The Core Performance Fundamentals Of Oracle Data Warehousing – Partitioning

[back to Introduction]

Partitioning is an essential performance feature for an Oracle data warehouse because partition elimination (or partition pruning) generally results in the elimination of a significant amount of table data to be scanned. This results in a need for less system resources and improved query performance. Someone once told me “the fastest I/O is the one that never happens.” This is precisely the reason that partitioning is a must for Oracle data warehouses – it’s a huge I/O eliminator. I frequently refer to partition elimination as the anti-index. An index is used to find a small amount data that is required; partitioning is used to eliminate vasts amounts of data that is not required.

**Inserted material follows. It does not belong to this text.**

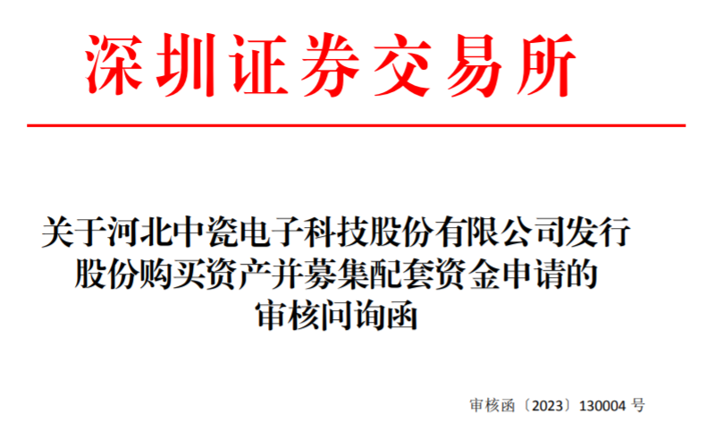 ICC訊  深交所4月6日下發(fā)關(guān)于對(duì)中瓷電子申請(qǐng)發(fā)行股份購(gòu)買(mǎi)資產(chǎn)并募集配套資金的審核問(wèn)詢(xún)函。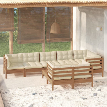 9-tlg. Garten-Lounge-Set mit Kissen Weiß Kiefer Massivholz

Main Uses For Partitioning

I would classify the main reasons to use partitioning in your Oracle data warehouse into these four areas:

  • Data Elimination
  • Partition-Wise Joins
  • Manageability (Partition Exchange Load, Local Indexes, etc.)
  • Information Lifecycle Management (ILM)

Partitioning Basics

The most common partitioning design pattern found in Oracle data warehouses is to partition the fact tables by range (or interval) on the event date/time column. This allows for partition elimination of all the data not in the desired time window in queries. For example: If I have a fact table that contains point of sale (POS) data, each line item for a given transaction has a time stamp of when the item was scanned. Let’s say this value is stored in column EVENT_TS which is a DATE or TIMESTAMP data type. In most cases it would make sense to partition by range on EVENT_TS using one day partitions. This means every query that uses a predicate filter on EVENT_TS (which should be nearly every one) can eliminate significant amounts of data that is not required to satisfy the query predicate.  If you want to look at yesterday’s sales numbers, there is no need to bring back rows from last week or last month!

Subpartitioning Options

Depending on the schema design of your data warehouse you may also chose to subpartition a table. This allows one to further segment a table to allow for even more data elimination or it can allow for partition-wise joins which allow for reduced usage of CPU and memory resources by minimizing the amount of data exchanged between parallel execution server processes. In third normal form (3NF) schemas it is very beneficial to use hash partitioning or subpartitioning to allow for partition-wise joins (see Oracle Parallel Execution: Interconnect Myths And Misunderstandings) for this exact reason. Dimensional models (star schemas) may also benefit from hash subpartitioning and partition-wise joins. Generally it is best to hash subpartition on a join key column to a very large dimension, like CUSTOMER, so that a partition-wise join will be used between the fact table and the large dimension table.

Manageability

Managing large objects can be challenging for a variety of reasons which is why Oracle Partitioning allows for many operations to be done at a global or partition (or subpartition) level.  This makes it much easier to deal with tables or indexes of large sizes.  It also is transparent to applications so the SQL that runs against a non-partitioned object will run as-is against a partitioned object.  Some of the key features include:

  • Partition Exchange Load – Data can be loaded “out of line” and exchanged into a partitioned table.
  • Local Indexes – It takes much less time to build local indexes than global indexes.
  • Compression – Can be applied at the segment level so it’s possible to have a mix of compressed and non-compressed partitions.
  • Segment Moves/Rebuilds/Truncates/Drops – Each partition (or subpartition) is a segment and can be operated on individually and independently of the other partitions in the table.
  • Information Lifecycle Management (ILM) – Partitioning allows implementation of an ILM strategy.

Summary

I’d classify partitioning as a “must have” for Oracle data warehouses for both the performance and manageability reasons described above. Partitioning should lower query response time as well as resource utilization do to “smart” data access (only go after the data the query needs). There are additional partitioning design patterns as well and the Oracle documentation contains descriptions of them as well as examples.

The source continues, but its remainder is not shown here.